Sugar metabolism in sugarcane is complex, controlled by multiple genes and interacts with environment. However, sugarcane is a heteroploid heterozygote. So far, the whole genome sequencing of cultivated varieties has not been completed (Zhang et al., 2018), which leads to a dilemma in genetic research on sugar metabolism mechanism of sugarcane. Based on the present situation, the mechanism of sugar metabolism in sugarcane can be studied from comparative transcriptomics. On the one hand, we can clone tissue-specific promoter or high expression genes related to sugar synthesis, which can be used to construct transgenic plants with high sugar content (Lu et al., 2013). On the other hand, genes related to sugar metabolism can be cloned and developed as molecular markers of high sugar content (Ni et al., 2016) to speed up the breeding process (Dai et al., 2013).
In the early stage, our research team collected and preserved more than 200 sugarcane germplasm resources in China, and successfully bred a new sugarcane variety ‘GR2’ with parent combinations ‘Roc20’ and ‘Yuetang 91-976’, which are characterized by late maturity, high yield, high sugar content and strong perennial root (Cheng et al., 2018). According to the results of our experiment in 2016-2017, the average sucrose content of ‘GR2’ from November to December, December to January and January to February were 12.01%, 13.4% and 13.74%, respectively. 'GL05136' is one of the varieties with the largest planting area in Guangxi. Its parent combination is 'CP81-1254'×'ROC22'. In the past five years, the average annual planting area of 'GL05136' has exceeded 13.3*104 hm2 (Guangxi Sugar Industry Development Office, 2018, 2017/2018 Guangxi Sugar Industry Annual Report, pp.3), which is characterized by early maturity, high yield, high sugar content and strong adaptability (Lu and Lu, 2015). The average sucrose content of 'GL05136' from November to December, December to January and January to February were 14.19%, 14.1% and 14%, respectively. The parents and maturity stages of the two varieties were different, and the high sugar content of 'GL05136' lasted for a long time. When 'GR2' reached the best maturity stage, 'GL05136' could still maintain high sugar content. Based on two varieties of high sugar cane at different maturity stages, the related genes of high differential expression of sugar synthesis were found by comparative transcriptomics, and many unknown genes with high expression were also found. The next step is to analyze the relationship between transcriptomics and proteomics, to study the molecular mechanism of sugar metabolism, meanwhile, to develop high sugar molecular markers, and even to construct high expression transgenic varieties.
1 Results and Analysis
1.1 Annotation analysis of transcriptome assembly
A total of 51 900 Unigenes were obtained after transcriptome sequencing and assembling. The proportion of Unigenes with the length of 300~500 bp, 500~1 000 bp, 1 000~2 000 bp and 2 000 bp were 27.60%, 27.26%, 24.78% and 20.36%, respectively. And the total length was 67 098 304 bp, N50 was 1 966 bp, mean length was 1 292.84 bp. The Clean Data of each sample was compared with the assembled Unigene library, showed that the Mapped Ratio was more than 70%, which proved that the integrity of the transcriptome assembly was high. Among 51 900 Unigenes, 36159 Unigenes have annotation information, and the annotation rate is 69.67% (Table 1).

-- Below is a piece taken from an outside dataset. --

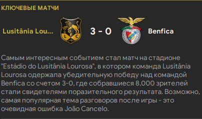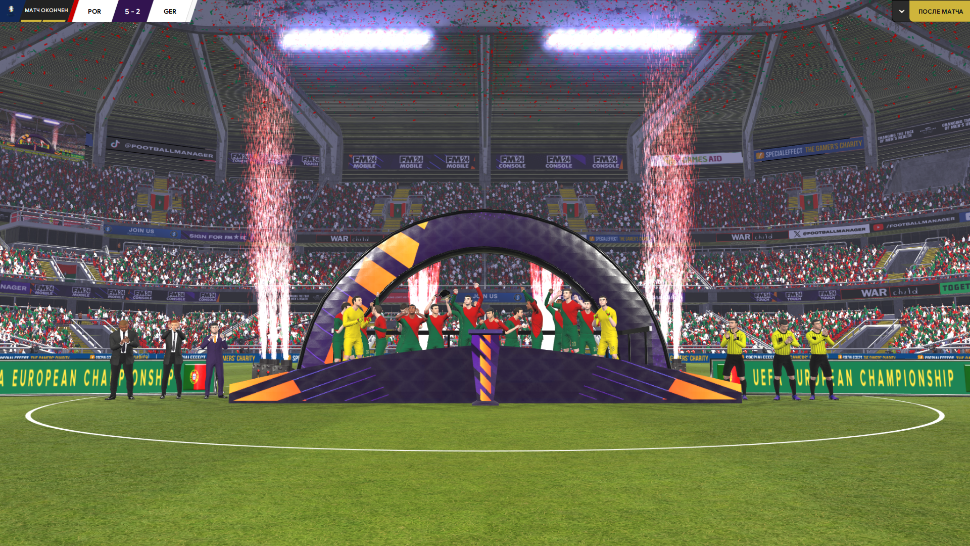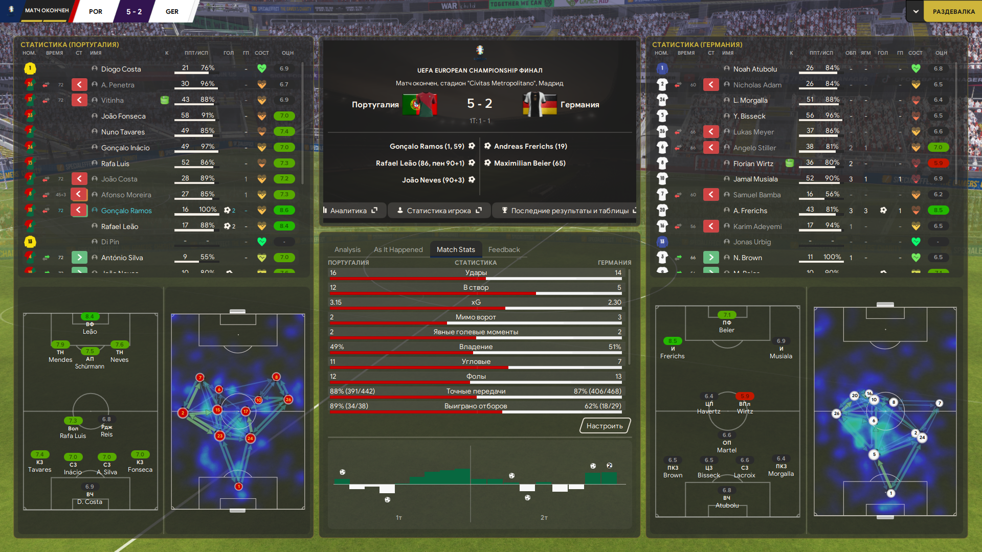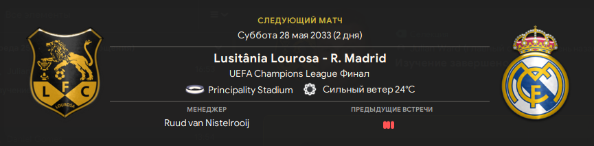 >>3349159 Переключаемся тоже на заранее подготовленную елочку, чтобы сохранить эффективность прессинга и не давать оппоненту много времени на мяче, но реал все-равно показывает несколько быстрых и опасных розыгрышей буквально в касание. В том числе благодаря свежим заменам. Но наши замены сыграли лучше - Вот этот >>3346430 японский колобок, которого в начале сезона таки выгнал ПСЖ за смешные 4 ляма, приехал в Португалию, стал тут лучшим бомбардиром и, выйдя на замену в финале ЛЧ, похоронил шансы Реала на отыгрыш. 2:0 и скромный португальский клуб Лузитания Лороза берет ушастого на 10 сезон.

Table 1 Annotation result statistics of unigenes |
1.2 Analysis of differentially expressed genes
1.2.1 Statistical analysis differentially expressed genes
When screening and detecting differentially expressed genes, independent statistics of the abundant gene expression values will cause false positive effects on the detection results. In order to reduce this effect, certain screening criteria will be set in the statistical analysis. In this study, FDR<0.01, and the FC≥2. The results of differentially expressed genes in this study are shown in (Table 2). In DEG set, former vs latter, former is control, and latter one is treated sample. So that the up regulated gene indicates that the expression level of latter gene is higher than that of former gene, otherwise it is down regulated gene.

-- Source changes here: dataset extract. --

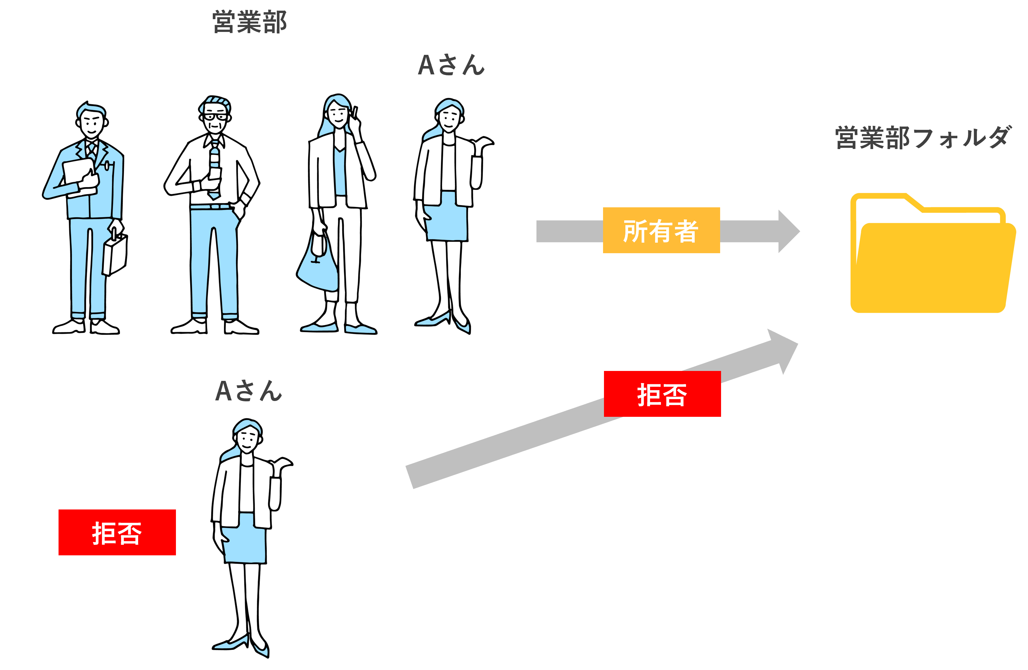 Aさんは[拒否]となります。営業部フォルダにアクセスする事ができません。

Table 2 Number of differentially expressed genes |
Group A and C, as intraspecific comparison groups of two different varieties, total number of differentially expressed genes was close, and significantly lower than that in group B and D. In intraspecific control group, the number of up regulated genes was significantly higher than that of down regulated genes. In the interspecific comparison group, the number of down regulated genes was higher than that of up regulated genes, which was consistent with the characteristics of 'GL05136' with higher sugar content than 'GR2', and the number of up regulated genes in group B was significantly higher than that in group D, which was also consistent with the trend of 'GR2' with higher sugar content in two periods. In order to directly reflect the difference degree and statistical significance of gene expression level in each differential expression gene set, volcano map is used to display the relevant information (Figure 1). The ordinate -log10(FDR) in the map represents the negative logarithm of the error detection rate of genes. The larger the value is, the more reliable the differentially expressed genes are. The abscissa log2(FC) represents the sum of the multiple of the difference in expression of the gene in two samples. The larger the value, the greater the difference of the expression multiple between the two samples. The volcano map shows that the points with log2 (FC) values greater than 5 and-5 in group B and D are significantly more than those in groups A and C, which proved that B and D groups had more differentially expressed genes and higher differentially expressed multiples. And a large proportion of these differentially expressed genes had a log10(FDR) value greater than 10, which proved that the differentially expressed genes were reliable.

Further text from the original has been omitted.